The Securities and Exchange Commission (SEC) issued an order approving the Precidian ETF model—a “novel type of actively managed ETFs” whereby daily disclosure of portfolio composition is not required.[1] Active managers who licensed or intend to license the model should have had a keen interest in the long-awaited regulatory disposition.

The approval places some new responsibilities on fund sponsor operations and service provider partners. In our view, asset managers should also use this occasion to examine the entire lifecycle of their ETF investment operations. The goal would be to help ensure firms do not overlook the chance to embrace emerging industry conventions, adopt new technologies and implement efficiencies.

Overview

Until now, the SEC has required disclosure of the portfolio composition to protect investors by triggering the mechanisms (arbitrage, creation and redemption activity) that keep the net asset value (NAV) of the portfolio as close to the market price as possible.

The daily disclosure can, however, be a double-edged sword. On one hand, it protects investors by helping to ensure shares are offered at as close to NAV as possible. On the other hand, daily transparency makes the actively managed ETFs “susceptible to ‘front running’ by other investors and/or managers, which can harm, and result in substantial costs to, the ETFs and their shareholders,” according to the SEC’s order.

The Precidian model preserves the confidentiality of the investment manager’s strategy and creates a new role called an Authorized Participant Representative (APR). The fund sponsor discloses the components of the basket to the APR, and a key responsibility of the APR is to keep the contents of the basket confidential. The APR would then disclose to the Authorized Participants (APs) the cash required to process a creation order. In the case of a redemption, the fund sponsor would deliver a basket of securities to the APR who would then provide the AP with the net cash. Under the model, a verified intraday indicative value (VIIV) calculates the value of the portfolio holdings each second of the trading day and preserves the arbitrage opportunities for the APs.

Operational Requirements

The approval of the Precidian model not only presents a new distribution channel for a firm’s alpha generation capabilities, but also presents some new responsibilities for a fund sponsor’s product, operations and oversight teams. Most of these are familiar—as many asset managers and most service providers have had scenario plans in place for the eventual approval and licensing of the Precidian model. We’ve outlined a few operational considerations below.
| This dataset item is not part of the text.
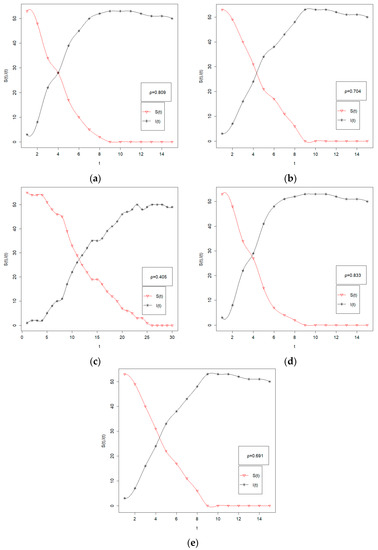 S(t), I(t) and R(t) denote the number of financial institutions in the three scenarios S, I and R, respectively. According to the study sample, S(t) + I(t) + R(t) = 56. We analyze the dynamic evolution of the impact path under different spatial effect parameters based on the five subperiods. In this process, the transition probability α is equal to the spatial correlation coefficient λarea, and the transition coefficient β = 0.01. Assume that only one financial institution node in the financial network is hit at the beginning of the period, i.e., I(0) = 1, S(0) = 56. The dynamic evolution of the impact path of systemic financial risk is shown in Figure 3, and the spatial correlation coefficients from Figure 3–e are 0.809, 0.704, 0.405, 0.833, and 0.691, respectively.

#1 New Agreements – New agreements will be required. An APR will be designated to act as a broker dealer agent for the Authorized Participant. A “Confidential Account” must be opened for each fund at the broker for the AP Representative to use for creation and redemption on behalf of the AP. Fund sponsors that license the model will want to ensure that the APR has a confidential account agreement with the AP(s) that meets their firm’s particular legal requirements.
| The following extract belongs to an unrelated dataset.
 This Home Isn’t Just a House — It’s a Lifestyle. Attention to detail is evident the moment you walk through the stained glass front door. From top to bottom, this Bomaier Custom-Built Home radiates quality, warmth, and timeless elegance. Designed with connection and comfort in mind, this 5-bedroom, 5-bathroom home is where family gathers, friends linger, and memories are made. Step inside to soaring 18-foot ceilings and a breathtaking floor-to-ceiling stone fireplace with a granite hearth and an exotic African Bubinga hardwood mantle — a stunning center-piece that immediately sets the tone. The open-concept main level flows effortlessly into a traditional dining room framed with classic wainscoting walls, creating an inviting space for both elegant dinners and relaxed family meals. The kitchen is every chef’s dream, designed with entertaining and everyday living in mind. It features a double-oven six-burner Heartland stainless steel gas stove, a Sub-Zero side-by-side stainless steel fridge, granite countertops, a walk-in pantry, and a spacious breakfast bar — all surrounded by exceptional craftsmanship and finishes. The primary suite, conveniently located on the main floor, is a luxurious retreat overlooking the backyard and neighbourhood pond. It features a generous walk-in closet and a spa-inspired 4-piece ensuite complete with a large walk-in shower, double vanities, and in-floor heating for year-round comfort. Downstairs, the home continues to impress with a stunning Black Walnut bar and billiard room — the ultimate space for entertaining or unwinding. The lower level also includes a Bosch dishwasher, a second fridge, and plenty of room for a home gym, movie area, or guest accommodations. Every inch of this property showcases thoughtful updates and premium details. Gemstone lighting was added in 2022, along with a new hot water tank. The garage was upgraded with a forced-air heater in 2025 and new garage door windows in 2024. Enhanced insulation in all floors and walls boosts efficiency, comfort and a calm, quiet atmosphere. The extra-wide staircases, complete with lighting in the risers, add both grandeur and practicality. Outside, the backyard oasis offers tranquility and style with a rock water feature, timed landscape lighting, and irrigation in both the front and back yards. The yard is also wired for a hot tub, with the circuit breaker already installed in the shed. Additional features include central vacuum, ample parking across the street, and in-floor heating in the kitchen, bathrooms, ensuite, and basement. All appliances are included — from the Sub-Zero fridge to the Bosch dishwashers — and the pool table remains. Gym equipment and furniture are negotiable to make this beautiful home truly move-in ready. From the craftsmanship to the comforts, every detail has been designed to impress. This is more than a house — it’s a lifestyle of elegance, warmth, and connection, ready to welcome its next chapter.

#2 New Policies and Procedures – Prior to launch, the fund sponsor will need to establish NAV divergence thresholds/spreads and report regularly on these to the board. The fund sponsor that licenses the model will need to establish, maintain and operationalize policies and procedures to monitor the extent to which (1) the market closing price or Bid/Ask price and daily NAV exceeds the established level, or (2) the Bid/Ask spread exceeds the established level. The initial approval was for a 1% difference. This may require additional price monitoring tasks from data vendors.

#3 Required Disclosures and Preventing Unauthorized Disclosures – Fund marketing material, including annual reports as investor relations marketing, will need to disclose in a “legend” the differences between non-transparent and fully transparent active ETFs. In addition, the fund sponsor is required to monitor and disclose any illiquid security on the fund’s website if no market quotation is available.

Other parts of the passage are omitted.